Edwin J. Feulner is one of the most influential conservative voices in Washington, having founded The Heritage Foundation, one of the United States’ leading right-wing think tanks.

While the foundation played key roles in shaping the policy positions of the Reagan administration and subsequent Republican governments, perhaps has no president has been as receptive to the Heritage Foundation’s ideas as Donald J. Trump.

CNN once described the Heritage Foundation as “Trump’s think tank” due to its instrumental role in guiding the administration’s platform. In a review released January last year, Heritage itself said that the Trump administration had implemented nearly two-thirds of its ideas.

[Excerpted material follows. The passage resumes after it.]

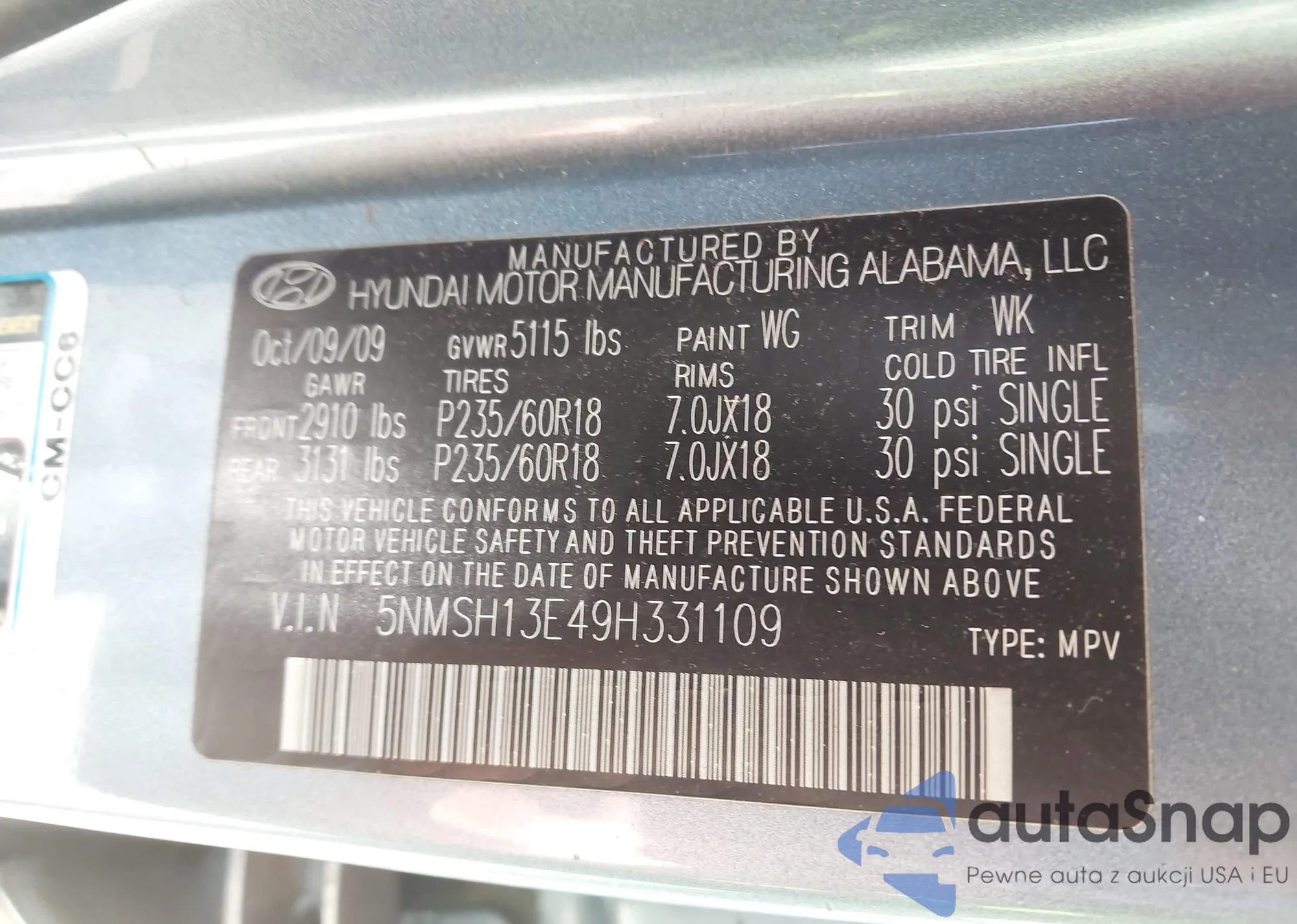 LOT: 43123557 VIN: 5NMSH13E49H331109

Foreign affairs constitute a central aspect of that influence. While he stepped down as the organization’s president early last year, Feulner currently serves as the chairman of the Asian Studies Center at The Heritage Foundation. Feulner prides himself on his close 25-year relationship with the current U.S. chief negotiator in talks with North Korea, Special Representative Stephen Biegun.

Possible insider knowledge from Biegun led many to believe his views are reflective of the Trump administration’s position on its denuclearization negotiations with North Korea ahead of a high-stakes second summit slated for Feb. 27-8 in Hanoi, Vietnam.

Feulner came to Seoul last week to participate in the inaugural academic conference of the Chey Institute for Advanced Studies on Feb. 14. He gave a keynote speech and sat on a panel with Kurt Campbell, chairman of Asia Group, and Jia Qingguo, a professor at Peking University, to discuss the summit.

Like most experts in the conference, Feulner stressed the importance of concrete steps from North Korea. He also talked about the numerous economic possibilities that could follow in return, such as the establishment of an escrow account or reopening of the Mount Kumgang tour program with South Korea.

The JoongAng Ilbo sat down with Feulner on the sidelines of the conference to hear his views on the summit and its implications.

Below are edited excerpts from the interview.



Q. You said during the panel discussion that you are cautiously optimistic [about the summit]. What should be included in the Hanoi summit?

A
. There has to be achievements towards measurable steps forward in terms of the specific objective of denuclearization. The last summit was just eight months ago and as Kurt [Campbell] pointed out, there have been no external offensive actions by North Korea. There have been the [recovery of] remains of soldiers during the Korean War and other positive but small steps. I think we are now at the stage where I think that the presence of U.S. Secretary of State [Mike] Pompeo and Ambassador Biegun going back and forward in a shuttle diplomacy to Pyongyang, I think they are on track to some very measurable specific achievements. Not only people in South Korea but I think people in the United States are expecting, too. One thing most Americans have learned, even if they don‘t like him, they have learned that Donald Trump does not like to waste time. He would not be going halfway around the world traveling for two days for a wasted meeting.



Will the Hanoi summit be different from the first one at Singapore last June?

Yes. Singapore was a “get to know you.” Hanoi is “here is where we go.” I think it would be more measurable and achievable.



Can you elaborate on the measurable steps? Biegun mentioned “beyond Yongbyon” while other experts like Robert Einhorn mentioned “nuclear facilities anywhere in North Korea.”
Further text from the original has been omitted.